18.4.06

Páscoa e crucificações

Para um ateu, a páscoa é destituída de significado. Em rigor, não vem desprovida de significado: há a componente material, as prendas aos afilhados que tiveram a desdita de escolher como padrinho alguém que anda tresmalhado dos caminhos de deus. Vou ao baú das recordações e vasculho nos cantos mais escondidos, tentando encontrar restos de memórias pascais. Tirando o paganismo materialista da páscoa, ainda menos lembranças que o natal. Só o almoço em família, os ovos de páscoa, as amêndoas, o cortejo pascal que descobri aos vinte e três anos numa estrada perto da Póvoa de Varzim.

Consigo encontrar uma memória que se repete todos os anos no volátil calendário pascal. As crucificações que retratam a via-sacra que Cristo terá percorrido até morrer, pregado de mãos e pés numa tábua tosca. Crentes com fé exacerbada e aguçado espírito de sacrifício prometem a si mesmos que passam pela mesma mortificação de Cristo. Revisitam a historiografia oficial do cristianismo, numa procissão que é um acto compungido para eles, pregados a uma cruz, vendo como o sangue escorre das mãos e dos pés atados por pregos às tábuas da cruz.

A modernidade civilizacional do ocidente temperou os excessos da fé. Desde que recordo de ver imagens de crucificações vivas, tenho a ideia que elas ocorrem em lugares longínquos, algures nas Filipinas onde a devoção religiosa atinge um fervor inusitado.
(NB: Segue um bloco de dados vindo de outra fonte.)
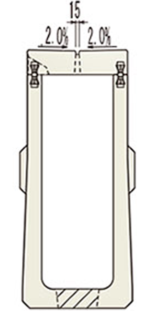 ・標準部の完成系は落蓋ではなく管渠型構造としたことにより、ガタツキによる騒音が発生しない(集水は縦断方向の縦スリットにより可能)。
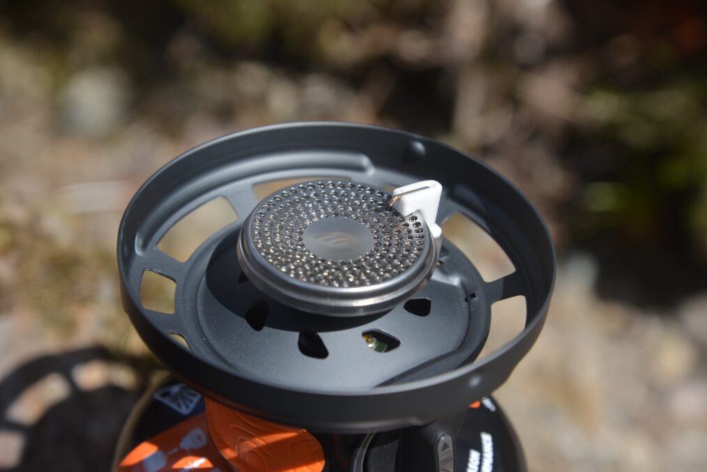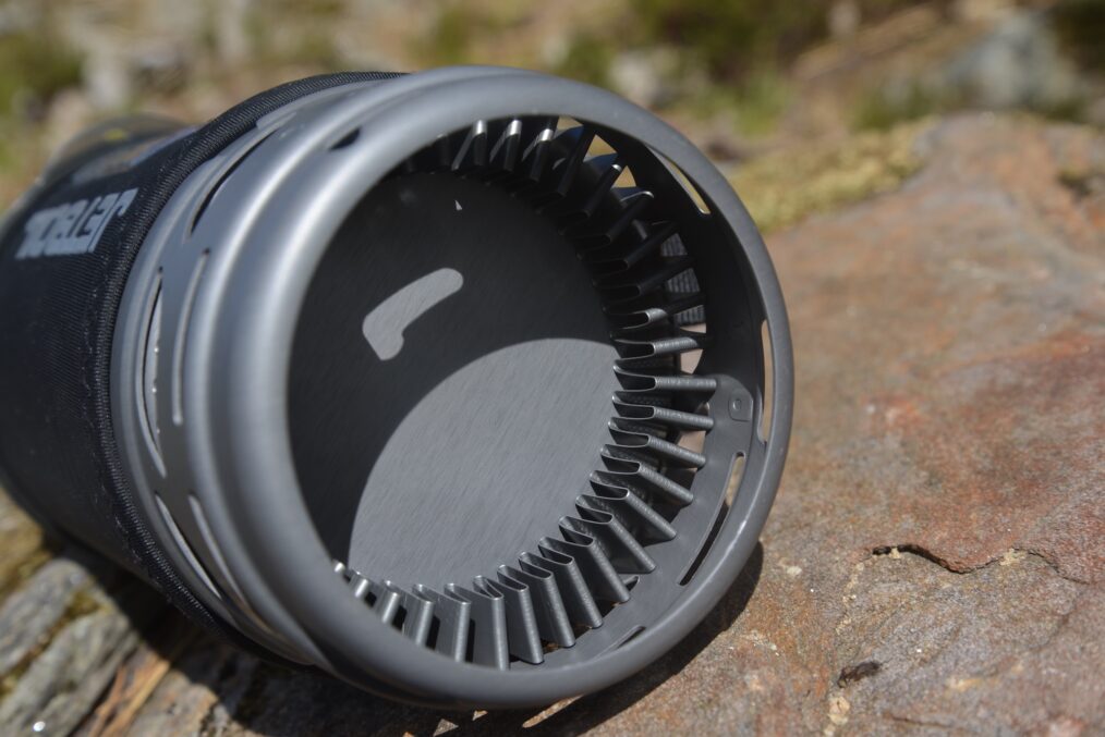 So now we’ve had a bit of Jetboil history and an overview of their stove range, let’s dive into the detail of the Flash 1.0L stove. The stove essentially consists of two parts (plus a gas canister) – the burner itself and the cooking cup/pot which attaches to the burner by a simple twist mechanism. The burner unit sees some updates from previous versions – a grippy rubber covering that makes handling easier and safer when attaching/detaching the pot, and the combined ignition/valve control which is a real improvement, making lighting the stove quicker and easier. The beauty of this design is that you can easily see when the valve is closed, so you can avoid wasting gas in the instance that you connect the canister when the valve is in the open position. One anti-clockwise twist of the dial turns the gas on and ignites it simultaneously. Another improvement is the spark wire on the burner which is now encased in ceramic, making it more durable.
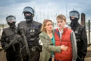 ScheißtagKatrin Volland (Caroline Scholze) ist froh, dass ihr Sohn Emil (Bruno Alexander) unbeschadet von dem Segelboot gekommen ist, bevor das SEK zugreifen musste.Bild: © ZDF und Boris Laewen
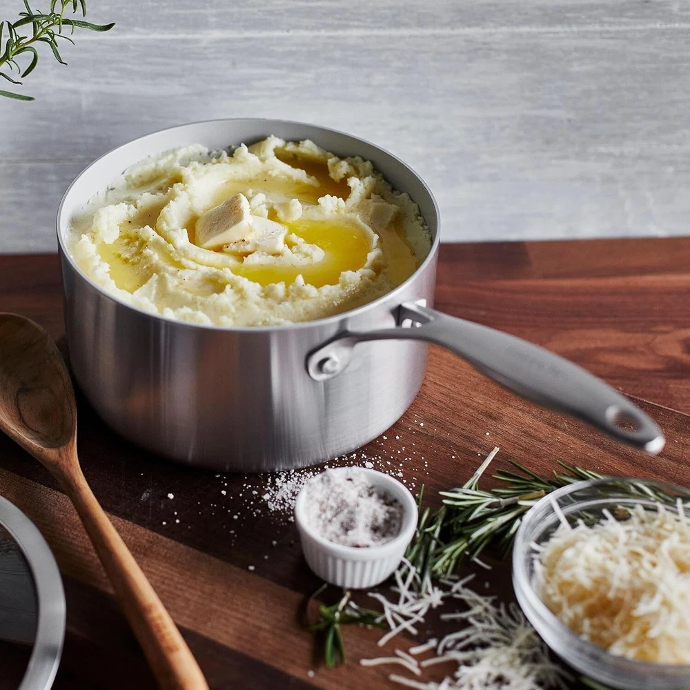 Premium 3.3QT Stainless Steel Saucepan with Ergonomic Handle & Nonstick Finish ‹ › ‹ › ‹ › ‹ › ‹ › ‹ › Premium 3.3QT Stainless Steel Saucepan Your kitchen assistant for culinary excellence, this Premium 3.3QT Stainless Steel Saucepan combines state-of-the-art technology with timeless style. Features: CUTTING-EDGE CERAMIC NONSTICK: Infused with diamonds for remarkable durability, this metal utensil safe ceramic nonstick offers balanced heating and effortless cleanup. TOXIN-FREE: Our signature ceramic nonstick coating is free of PFAS, PFOA, lead, and cadmium, ensuring a safe cooking experience. 3-PLY STAINLESS STEEL BODIES: Equipped with two layers of stainless steel and a full aluminum core for fast and even heat distribution. EVERSHINE TECHNOLOGY: Keeps your tri-ply stainless steel gleaming and resists discoloration for years to come. ERGONOMIC HANDLE: Designed to stay cool on the stovetop, riveted for extra strength and stability, making it easy to maneuver. BUILT FOR OVEN COOKING: Safe for oven and broiler use up to 600°F, gives you versatility in your cooking options. INDUCTION READY: Suitable for all stovetops, including induction, making it universally compatible. EASY TO CLEAN: Simply wipe clean or place in the dishwasher for tough messes without worry. Benefits: Versatile size suitable for any culinary task Combines the ease of nonstick with the elegance of stainless steel Enhances cooking techniques such as searing, braising, and deglazing Durable and built to last, maintaining its beauty through every meal Why choose our Premium Stainless Steel Saucepan? This saucepan is more than just a kitchen tool; it’s a gateway to gourmet cooking. Its innovative ceramic nonstick finish allows for superior cooking and easy cleanup, while the sleek stainless steel design elevates your kitchen aesthetic. Perfect for a novice or a professional chef, our Premium 3.3QT Stainless Steel Saucepan promises an exceptional cooking experience. Transform your culinary capabilities with this standout piece of cookware — order your Premium Stainless Steel Saucepan today! Shipping Free & Fast Shipping - We offer free shipping to most of the USA with a normal delivery time of 3-7 days. However, due to the current situation, additional delivery time (up to 3 weeks) may be required for some items. Alternative Carriers - We may use alternative carriers (e.g. USPS, FedEx, UPS, etc.) to ensure your package arrives safely and on time. Due to the use of multiple carriers, we are unable to provide a tracking number automatically. Handling Time - Orders are processed and shipped within 1-2 business days of receiving cleared payment. Shipping Restrictions - Shipping to Alaska, Hawaii, Puerto Rico, Guam, and other US territories may incur shipping charges or delivery restrictions. Please contact us before ordering, or your order can be refunded/cancelled. State Restrictions - There may be restrictions based on your state of purchase. For example, certain items may not be shipped to California due to state regulations. Contact for Tracking Updates - If you require tracking updates or have any concerns about the delivery of your order, please feel free to contact us, and we will be happy to assist you. Return 30-Day Hassle-Free Returns - We want you to be completely satisfied with your purchase. If you are not, you can return the item within 30 days of receiving it for a full refund or exchange. Easy Return Process - To start a return, simply contact us and we will provide you with a prepaid return shipping label and detailed instructions. Restocking Fee - There are no restocking fees for returns. However, the buyer is responsible for return shipping costs if the return is not due to a seller's error. Refund Processing Time - Refunds will be processed within 5 business days of receiving the returned item in its original condition. Payment We accept all major credit cards, PayPal, and Apple Pay for your convenience. Your payment information is secure and encrypted to ensure a safe and seamless transaction. Please complete your payment within 3 days of purchase to avoid any delays in shipping. Feedback Your feedback is extremely important to us. We strive to provide the best products and customer service possible. If you are satisfied with your purchase, please take a moment to leave us a positive review. If you have any concerns or issues with your order, please contact us before leaving negative feedback. We are committed to resolving any problems and ensuring your satisfaction. Contact Us If you have any questions or concerns, please feel free to reach out to our customer support team. You can contact us through the eBay messaging system. We are available Monday to Friday, 9:00 am to 5:00 pm EST, and we will do our best to respond to your inquiry within 24 hours. Buy it now and enjoy a pleasant shopping experience! UPC: Not Set Unit Quantity: 1.86 kg Stove Type Compatibility: Electric,Gas,Induction Material: Ceramic,Stainless Steel Set Includes: Lid Features: Dishwasher Safe,Non-Stick,Oven-Safe Type of Oven: Electric,Gas,Induction,Oven Brand: Unbranded Surface Coating: Ceramic Capacity: 3.3 qt Type: Saucepan Color: Silver Item Width: Not Set Item Length: Not Set Item Diameter: 16.7 in MPN: Not Set Country/Region of Manufacture: Not Set Shape: Round Manufacturer Warranty: Not Set Item Height: Not Set Item Depth: 15.3 in Model: Not Set Number of Items in Set: One-Piece Item Weight: 1.86 kg Heat Resistance: 600°F Unit Type: Not Set
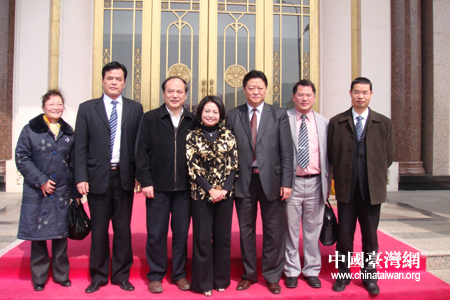 安徽省臺辦主任朱德祥(左三)、合肥市臺辦主任徐延安(右三)與國際青商會臺灣總會前總會長王玲嬌(中)合影留念。
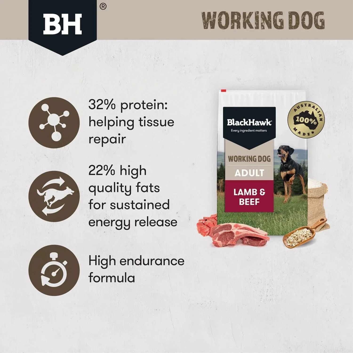 Black Hawk Working Dog Lamb & Beef is our high-endurance formula. High in protein and fat, with 32% real lamb and beef proteins and 22% high quality fats for sustained energy and activity, strong lean muscles as well as healthy joints and coat. Containing lamb and beef, the recipe is rich in zinc and vitamin B12 which aids metabolism and helps boost vitality. Formulated specifically with a balanced carbohydrate blend including rice and oats, Black Hawk Working Dog helps provide the energy needed for those sudden and responsive bursts of speed, throughout the day.
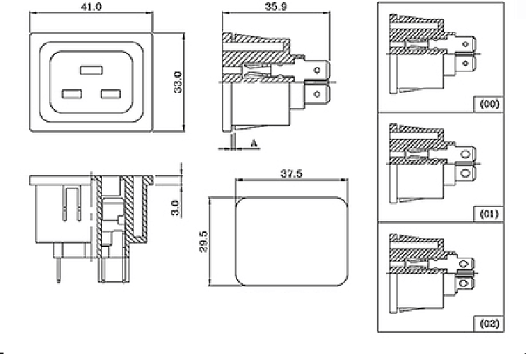 标准:IEC 60320 J 额定功率:2.5A 250V AC 绝缘电阻:100MΩ 500V DC/1分钟 绝缘强度:2000V AC/1分钟 外壳材料:热塑性塑料 94V-2~V-0
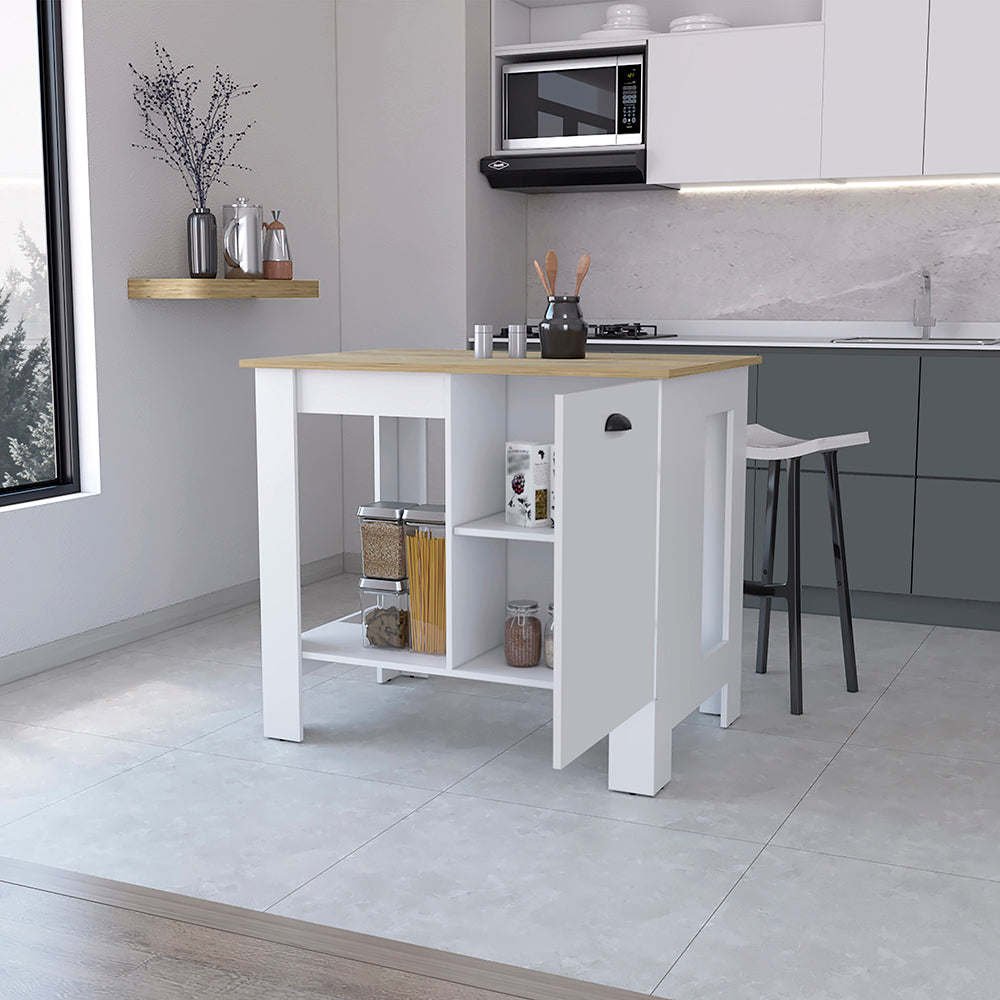 Romance CopyFor the modern kitchen, we've got just the thing to make your life a little more accessible: the Vancouver kitchen island. This stylish and convenient island offers a comprehensive and resistant top surface for all your preparations and a door that reveals two interior shelves. The open-side shelf is perfect for storing pots, pans, or any other culinary essentials you might need. With its sleek design, this kitchen island will surely be a hit in any home.Product DetailsSet includesOne (1) kitchen islandFinish colorWhite, MacadamiaMaterialsManufactured WoodProduct dimensions35.4"H x 40.5"W x 27.5"DNumber of doors1Number of shelves3

Não será pela Europa, onde o cristianismo fermentou com fulgor, que se assiste às pungentes manifestações de pessoas que se deixam pregar a uma cruz, como se fossem as encarnações vivas de um Cristo que terá morrido há mais de dois mil anos. É algures num lugar escondido na geografia, onde os paladinos da civilização avançada (a nossa, supostamente) diriam, sem hesitar, que isso acontece porque se trata de um lugar atrasado no ranking das civilizações.

Pouco me interessa saber quem possui a civilização mais avançada. Ou discutir a sociologia do fenómeno, tentando perceber a aversão dos fiéis ocidentais à crucificação. Folheio a memória: as dolorosas crucificações como a imagem mais viva que retenho da quadra pascal. Pela impressão que as imagens me causam. Sabendo que há sempre pessoas dispostas ao sacrifício de verem mãos e pés cravados numa cruz de madeira. E impressiona-me ver as caras daqueles nativos quando se entregam ao ritual sacrificial. A tranquilidade que esconde a dor terrível que devem sentir quando os pregos penetram na carne das mãos e dos pés, quando o sangue se começa a escapar, espalhando um rasto perseguido pelos devotos que seguem na procissão.

Para um ateu, esta exibição de fé é grotesca. Uma mortificação estúpida, quantas vezes no cumprimento de promessas pessoais que pagam dádivas que, acreditam, têm o selo divino. Uma ordenada manifestação de fé colectiva, no ardor dos devotos que partilham a dor com aquele que se entrega ao sacrifício da cruz. Para um ateu, nada disto fará sentido, por entre a descrença na história do cristianismo e a fé ausente. Mas um ateu só cumpre a sua exigência de tolerância se respeitar as exibições de fé dos outros. Sejam as crucificações que enchem a carne de chagas dolorosas, as peregrinações a Meca, ou as cabeçadas no muro das lamentações.

Um ateu olha com admiração para todas estas manifestações de fé. Sem que isso seja uma contradição com a irradiação ateia. Apenas uma salutar inveja de quem consegue ter fé num deus, acreditar nos dogmas de uma religião, ter a certeza que a morte franqueia uma nova forma de vida, desmaterializada. O ateu é aquele que não consegue forjar uma crença, permanecendo fiel a si mesmo, na teimosia de uma honestidade angustiante. E se um ateu olha com admiração para as manifestações de fé alheias, não pode haver quem veja nisso a auto-negação do ateísmo. Apenas que a fé, qualquer fé, passou ao lado do ateu.

Para ele, seria fácil adjectivar as fervorosas exibições de fé em todos os credos. Como seria cómodo apontar o dedo e denunciar a estupidez humana de quem se entrega ao ritual da crucificação. Seria, ao mesmo tempo, a forma mais estéril de ajuizar comportamentos que lhe são exteriores. Sem os dons da adivinhação dos pensamentos alheios, estaria a cair no alçapão da incoerência. A esgravatar bem fundo a tumba da intolerância. Em vez disso, olha com assombro para o sacrifício a que se entregam os devotos pregados na cruz. Sabendo que ele seria incapaz de passar por tamanha provação. Até porque os desafios da sua não fé lhe facilitam a tarefa.